2.5. Technical Layer: Implementation and Evaluation
This layer involves the choices of techniques for implementation and the evaluation of results. Various practical issues need to be considered: the choice of distributed or centralized simulation, global model of computation, technical implementation of interface or latency assessment. As co-simulation requires many coupling of simulators, it is necessary to consider in the end, the reliability, efficiency of the coupling, the stability of co-simulation framework (especially in cases involving hardware-in-the-loop), as well as to evaluate the robustness and accuracy of the results (cf.
Figure 6).

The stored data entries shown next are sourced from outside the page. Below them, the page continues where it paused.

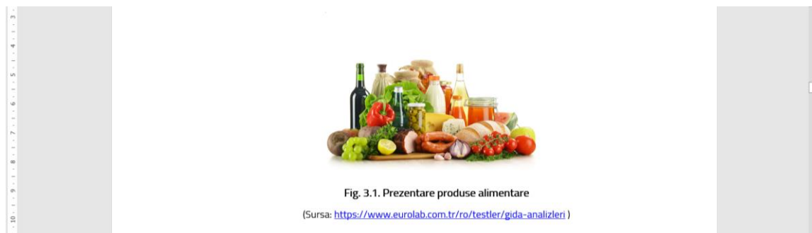
Fig. 2.4. Exemplu de redactare figuri

Numerotarea se va face la fel ca și în cazul tabelelor, incluzând numărul capitolului (Ex: Fig. 3.1. reprezintă prima figură din capitolul 3). Dacă figura este preluată dintr-o sursă bibliografică, aceasta va fi scrisă imediat sub titlu, folosind caractere de 10 pt. (ex: Sursa: http://inra.fr ). Figurile vor fi setate "In line with text".
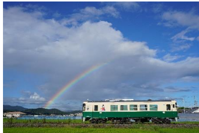
B型うお座 @1365KKT (紀州鐵道株式会社)
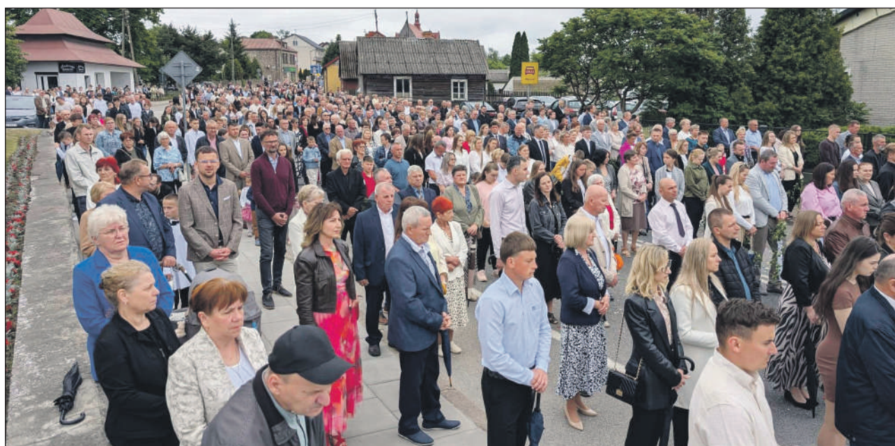
JASTRZĄB. Wierni z parafii św. Jana Chrzciciela z Jastrzębia podczas procesji
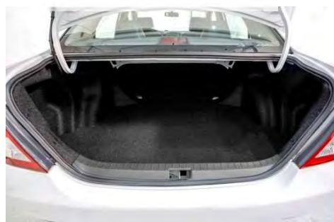
مساحة خلفية واسعة
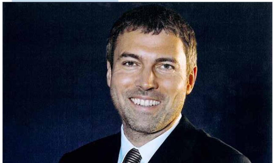
Il finanziere Petr Kellner

estendere le rispettive attività nel settore del gas e dell'energia in Centro Europa. Nei mesi successivi si sono svolte diverse trattative tra EPH e lo Stato con l'obiettivo di uno 'spacchettamento' del controllo di SPP che dovrebbe avvenire nei termini seguenti. Lo Stato manterrà il pieno controllo dell'attività di distribuzione del gas alle piccole utenze, attualmente poco redditizia in quanto le tariffe sono controllate
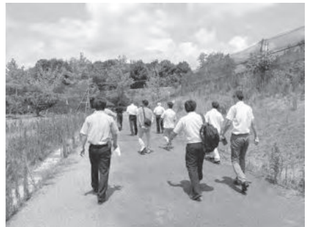
果樹園を見学(県立農林水産技術総合センター)
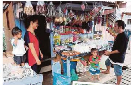
PENDUDUK Bajau di perkampungan air Tanjong Kapor bemiaga runcit barangan keperluan.
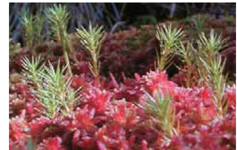
Die Moose Polytrichum strictum und Sphagnum rubellum (rot)

Bei der Regeneration von Torfmooren stellen sich zunächst Pionierpflanzen ein, die den Boden kolonisieren. Sobald sie einmal Fuss gefasst haben, fördern sie die Ansiedlung und das Wachstum von Torfmoosen (Grosvernier et al. 1995). Die globalen Veränderungen wie Klimawandel, Stickstoffeintrag und erhöhte CO 2 -
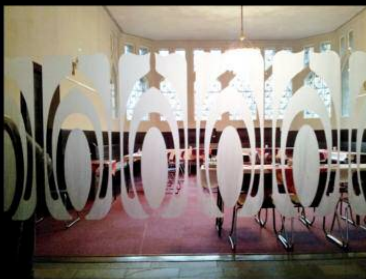
Frieblem als Glasätzung
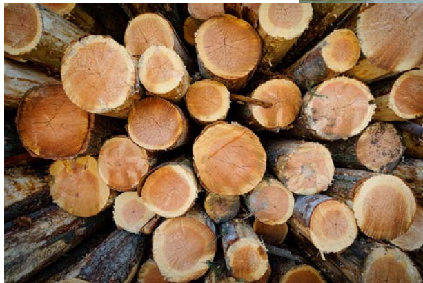
lutte contre la déforestation importée
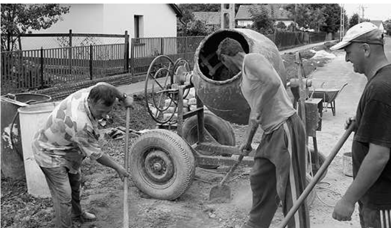
Kalákában dolgoztak a Tolbuhin utcán
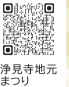
浄見寺地元まつり

An in-depth discussion on the technical aspects of co-simulation is however further than the scope of this paper (i.e., conceptual structuration).
The structuration proposed in this section is important to classify different models in a co-simulation framework into their according level of abstraction. It provides insights to identify the potential issues as well as to search for solution for coupling across different scale and abstraction level. As a consequence, the modularity, scalability and interoperability of a co-simulation framework might be improved.
In the context of this paper, we are interested also, in next sections, different existing coupling methods and synchronization techniques for co-simulation as well as their position with respect to the proposed structuration. It would provide a methodological and structural review on the state of art in co-simulation for CPES assessment.